Nuclear Energy and Waste



DOE-NE-Nuclear Energy

DEvelopment of COupled Models and their VALidation Against EXperiments in Nuclear Waste Isolation

The DECOVALEX Project is a unique international research collaboration for advancing the understanding and mathematical modeling of coupled thermo-hydro-mechanical (THM) and thermo-hydro-chemical (THC) processes in geological systems. DECOVALEX is an acronym for “Development of Coupled Models and their Validation against Experiments.” Starting in 1992, the project has made important progress and played a key role in the development of numerical modeling of coupled processes in fractured rocks and buffer/backfill materials. The project has been conducted by research teams supported by a large number of radioactive-waste-management organizations and regulatory authorities, including those of Canada, China, Finland, France, Japan, Germany, Spain, Sweden, UK, South Korea, Czech Republic, and the USA. Through this project, in-depth knowledge has been gained of coupled THM and THMC processes associated with nuclear waste repositories, as well as numerical simulation models for their quantitative analysis. The knowledge accumulated from this project, in the form of a large number of research reports and international journal and conference papers in the open literature, has been applied effectively in the implementation and review of national radioactive-waste-management programs in the participating countries.

The DECOVALEX Project is typically conducted in separate 3-4 year project phases.

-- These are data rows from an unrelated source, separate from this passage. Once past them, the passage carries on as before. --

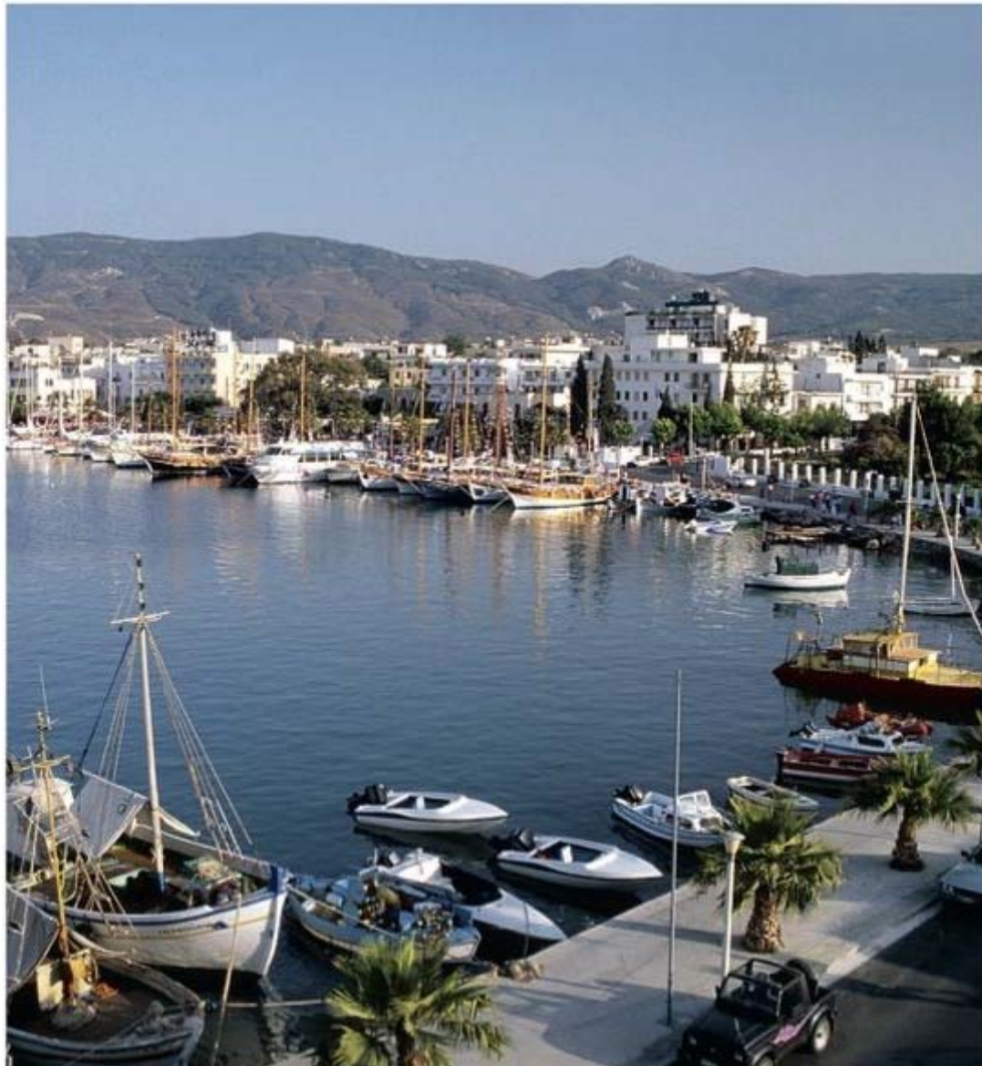
In de haven van Kos-stad liggen altijd veel excursieboten

specialiteiten op het dagmenu. Een geliefd gerecht is pligoúri , een puree van grof gemalen tarwe, kikkererwten en olijfolie – en in juli ook anthoús , ofwel met rijst en kruiden gevulde courgettebloemen.
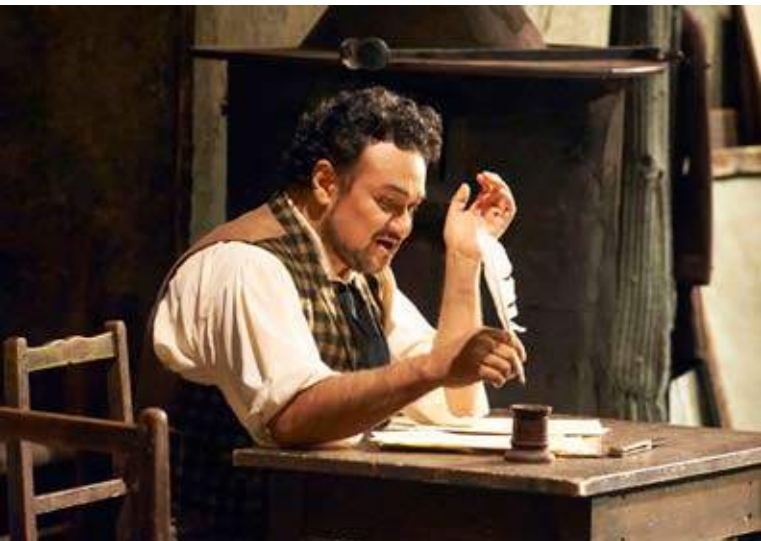
Ramón Vargas cantará La bohème en el Auditorio Nacional
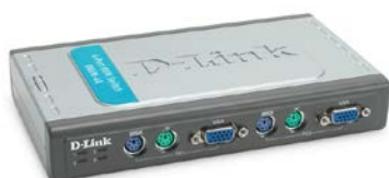
Switch KVM PS/2 DKVM-4K
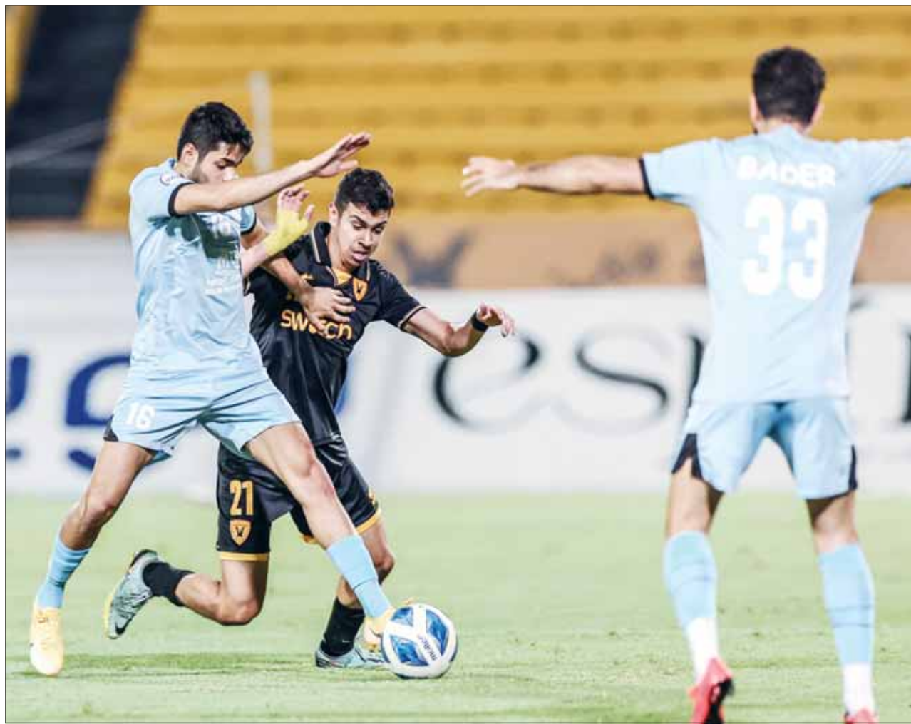
صراع بين القادسية والسالمية غداً على المركز الثالث

كما يرغب "الأصفر" في تحقيق انتصار يرفع به معنويات لاعبيه قبل استضافة العربي القطري يوم 5 فبراير المقبل في الجولة الخامسة من منافسات البطولة الخالصة للأندية، لاسيما أن الفوز على العربي سيمنحه بطاقة التأهل إلى
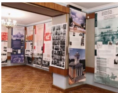
Ausstellung im Literaturmuseum
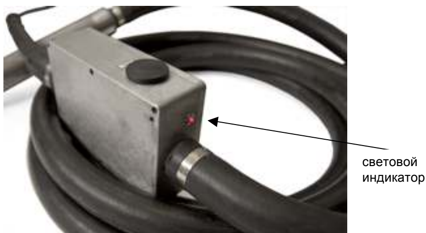
Рис.3 Внешний вид преобразователя и светового индикатора
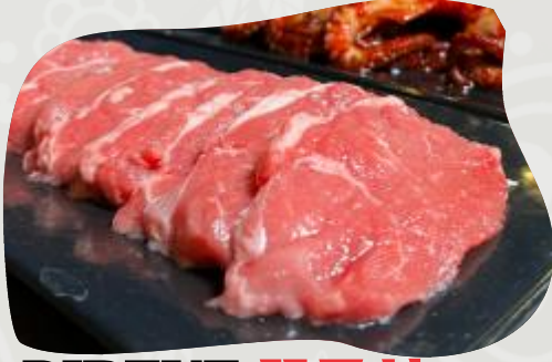
RIBEYE 꽃등심 RIBEYE STEAK
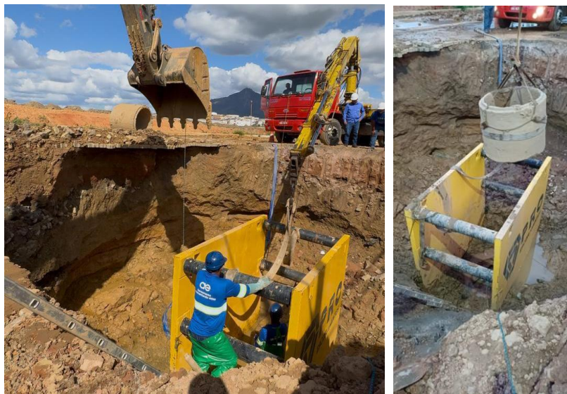
Figura 29 – Obras de substituição da tubulação de esgoto do Estradão do Penha
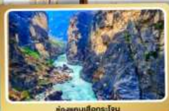
ช่องแคบเสียนโงน
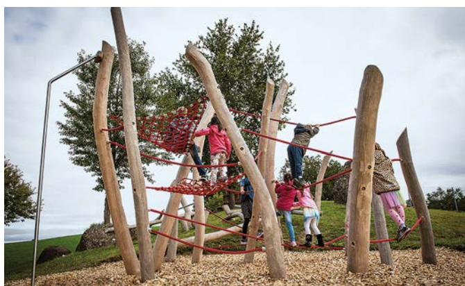
... und in Holzhäusern.
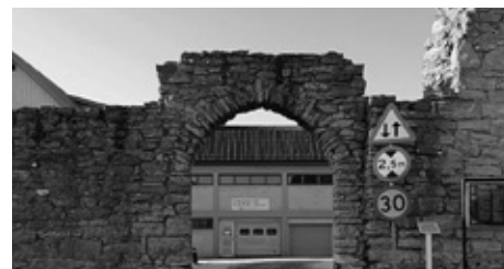
Muren runt Visby på Gotland
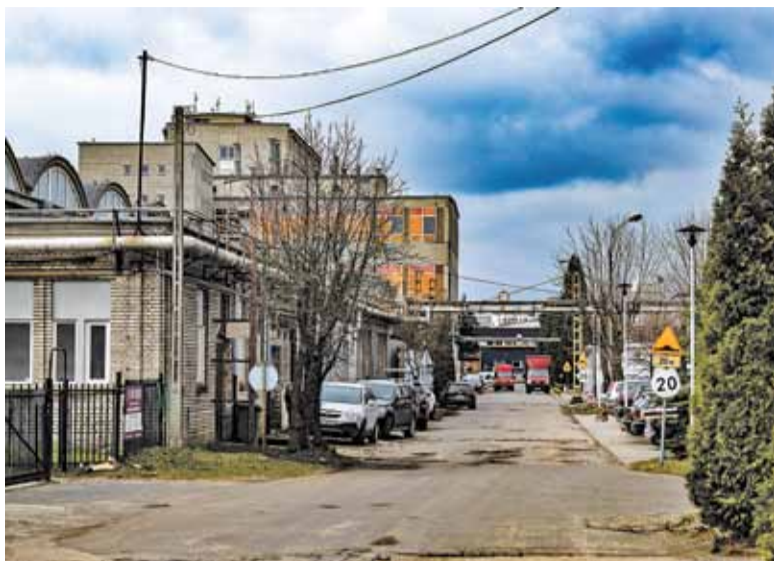
Czy dzielnica przemysłowa Piaseczna stanie się dzielnicą wielofunkcyjną?
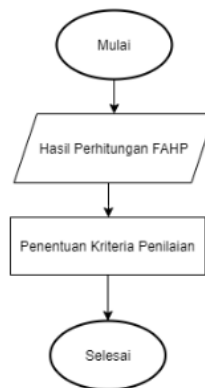
Gambar 5. Diagram Pengolahan Data Simple Additive Weighting

5 Pada Gambar 4 diketahui adalah diagram pengolahan data dari metode fuzzy analytical hierarchy process yang dimulai dengan menentukan kriteria penilaian kemudian setelah memperoleh kriteria penilaian yaitu loading time, response time, page size, accessibility error dan broken link dilanjutkan dengan menyusun matriks perbandingan berpasangan antar kriteria. Selanjutnya menentukan batas low, middle dan upper untuk tiap kriteria perbandingan berpasangan dan dilakukan konversi matriks perbandingan berpasangan ke dalam triangular fuzzy number untuk dilanjutkan ke tahap normalisasi. Setelah dilakukan normalisasi, dilakukannya pembobotan dari hasil normalisasi dan diperolehnya nilai prioritas dari nilai kriteria dengan e-commerce -nya. Setelah itu bobot akan dimasukkan ke dalam nilai dari e-commerce yang diperoleh dari tiga buah tools dan akan menghasilkan perhitun 27 dari metode fuzzy analytical hierarchy process . Selanjutnya dilakukan perangkingan dari hasil pembobotan menggunakan metode simple additive weighting yang dilampirkan pada Gambar 5.
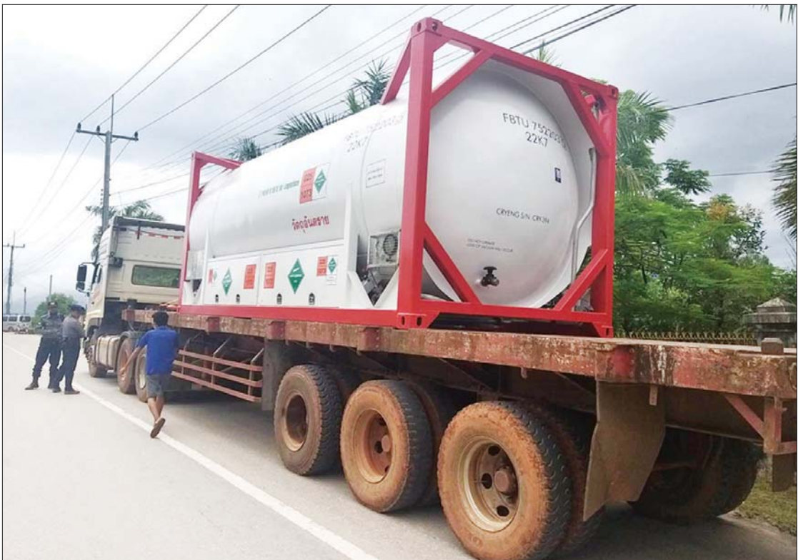
မြဝတီနယ်စပ်ကုန်သွယ်ရေးစခန်းမှ အောက်ဆီဂျင်အရည် တင်သွင်းလာသည့် မော်တော်ယာဉ်တစ်စီးကို တွေ့ရစဉ်။
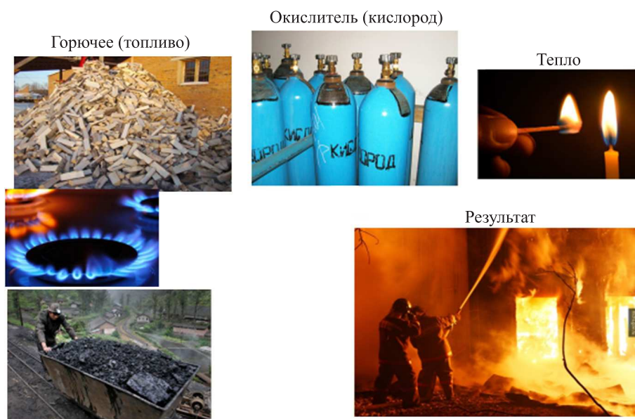
Рис. 1 Что нужно для горения

Чтобы получился огонь, нужны три вещи (рис. 1):
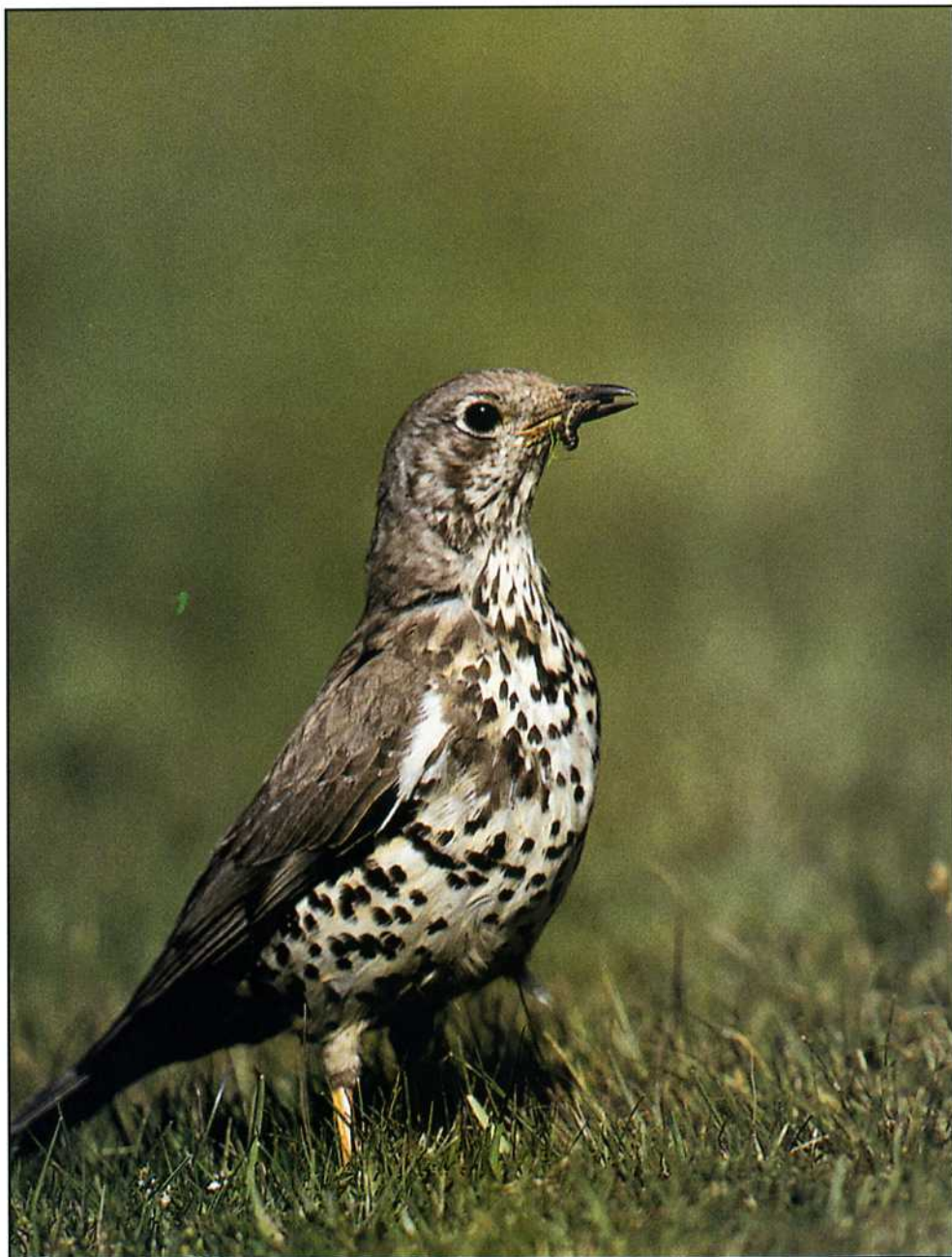
Dubbeltrast ( Turdus viscivorus ).
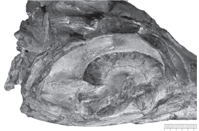
Abb. 17: Detailaufnahme des Hauensteiner Ichthyosauerschädel in linker, ventraler Ansicht (vgl. Abb. 14). Deutlich sichtbar ist der teilweise zerfallene und im Schädelinneren verbliebene Sklerotikalring. Ähnliche Disintegrationserscheinungen sind z.B. in VON HUENE (1922) abgebildet.
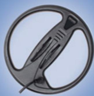
Bobina C23 (Paquete Profesional) 23 cm (9") 460 gr (1 lb.) (16 oz.)
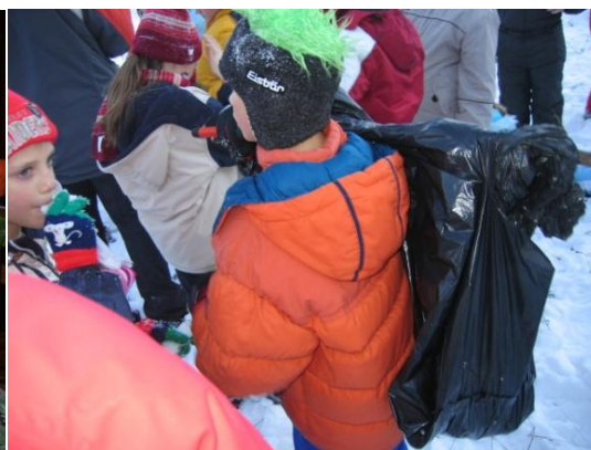
Slika 12. Briga za okoliš
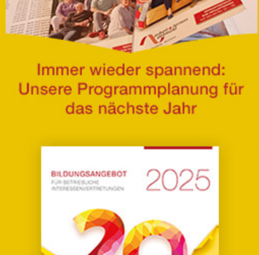
Immer wieder spannend: Unsere Programmplanung für das nächste Jahr
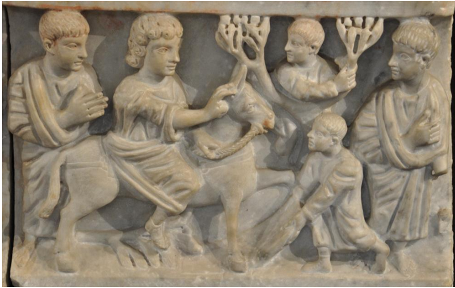
Εικόνα 7 Βαϊοφόρος, Σαρκοφάγος Adelfritha, Κατακόμβες Ιωάννου, Συρακούσες, 325-350 μ.Χ.

Αγένειο ανιχνεύουμε τον Χριστό και σε άλλες ανάγλυφες παραστάσεις, όπως σε σαρκοφάγους του Βατικανού, των Συρακουσών (Εικ. 7), αλλά και αυτή του Junius Bassus (Εικ. 8), παράλληλα με το στοιχείο του στρωσίματος των ενδυμάτων.
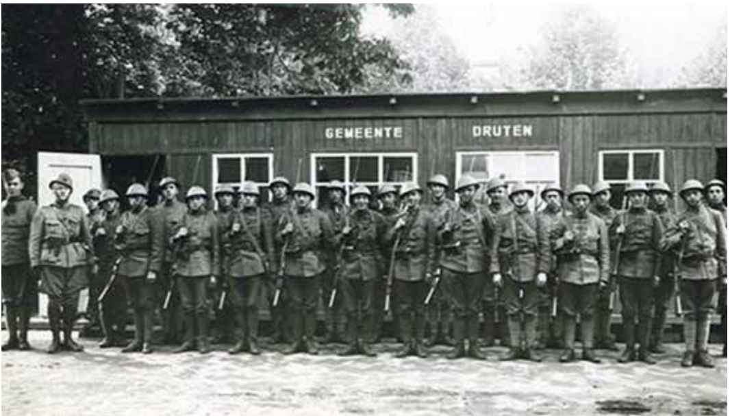
Een groep gemobiliseerde militairen in 1939 in Druten

"Het drama krijgt in de ochtend van 13 mei zijn ontknoping. Op de noordhelling van de Grebbeberg worden 4 Nederlandse bataljons (o.a. II-24-R.I.) vanuit Achterberg de Greb opgejaagd en ondernemen een laatste wanhoopspoging het Duitse tij te keren. Het blijkt een illusie. Met de komst van 27 Duitse Stuka-duikbommenwerpers is het einde daar. De strijd om de Grebbeberg is gestreden en betekent het einde van 380 Nederlanders, Pa heeft maar enkele uren op de Grebbeberg doorgebracht, maar dit waren wel de méést verschrikkelijke uren, terwijl andere terugtrokken (deserteerden?) werd 24-R.I. ingezet voor de tegenaanval."
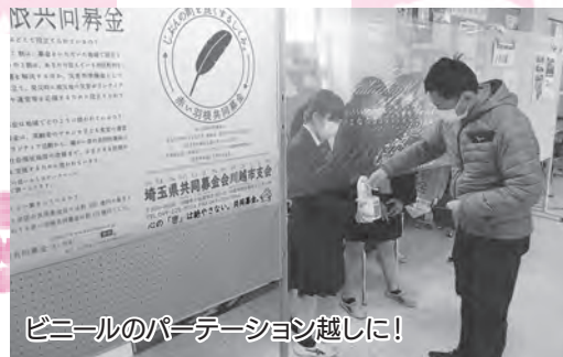
ビニールのパーテーション越しに!

昨年12月に新型コロナウイルス感染症対策をしながら、高校内で募金活動をしていただきました。たくさんの方の生徒に参加していただき、にぎやかな活動となりました。
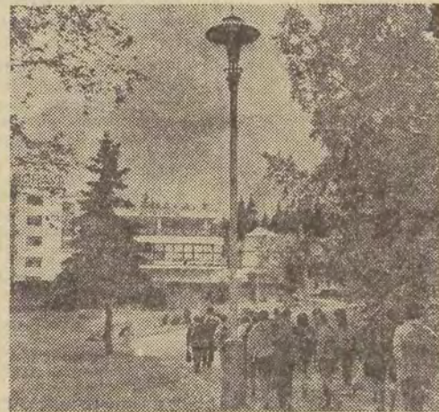
Pierwszy etap to Ęmokovec z licznymi domami wczasowymi i wypoczynkowymi oraz „elek tryczką”, którą można dotrzeć do przełęczyny Strpskiego Plesa lub do Tatrzanskiej Łomnicy.

Piękna polska jesień wyręcza w tym roku lato, darząc nas słońcem i suchą po godą. Kto tylko może stara się więc o kilka dni wolnych (z nie wykorzystanego jeszcze urlopu lub na poczet urlopu przyszłorocznego) i rusza na tzw. „łono przyrody”. Niektórzy (jak np. c. ze zdjęcia poniżej) w pogoni za jej urokami, przekroczyli nawet granice państwowe, udając się na wędrowkę po Słowackich Tatrach.
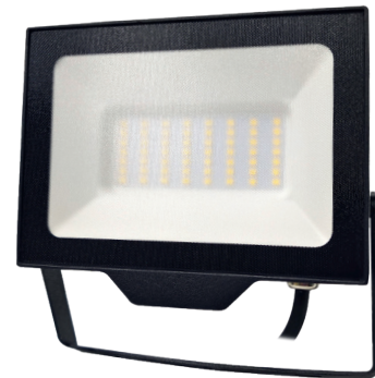
DAISY BETA 50W
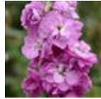
Ball Pink No 22
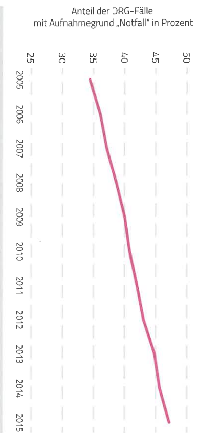
Abbildung 1: Anteil der DRG-Fälle mit Aufnahmegrund „Notfall“ an allen DRG-Fällen pro Jahr
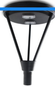
Luminária Pública Ornamental 120 watts (https://www.lasled.com.br/luminaria-publica-ornamental-120-wattts)

ORÇAR Q (https://www.lasled.com.br/luminaria-publica-ornamental-120-wattts)

Each phase features a small number (typically three to six) modeling test cases of importance to radioactive waste disposal. Many test cases are laboratory and field experiments that have been conducted by one of the project partners and are then collectively studied and modeled by DECOVALEX participants. Numerical modeling of these test cases can assist both to interpret the test results and to test the models used. Over the years, a number of large-scale, multiyear field experiments have been studied within the project (e.g., the Kamaishi THM Experiment, FEBEX, and the Yucca Mountain drift-scale heater test). Thus, the project provides access to valuable technical data and expertise to DECOVALEX partner organizations; this is particularly useful in disposal programs that are starting their research on certain disposal or repository environments and have no underground research laboratories (URLs). DECOVALEX has a modeling focus, but with tight connection to experimental data.

Energy Geosciences Division Director, Jens Birkholzer was recently named the Chairman of the DECOVALEX Project, and LBNL is now serving as the coordinating organization for DECOVALEX. In addition, LBNL scientists have participated as modeling teams in various past DECOVALEX phases and several DECOVALEX projects. The current DECOVALEX Project phase (referred to as D-2019) started in Spring 2016 and will run through the end of 2019. Modeling tasks tackled in the current phase are:

  • Task A: ENGINEER – Modeling advective gas flow through low permeability materials.
  • Task B: Fault Slip Test – Modelling the induced slip of a fault in argillaceous rock.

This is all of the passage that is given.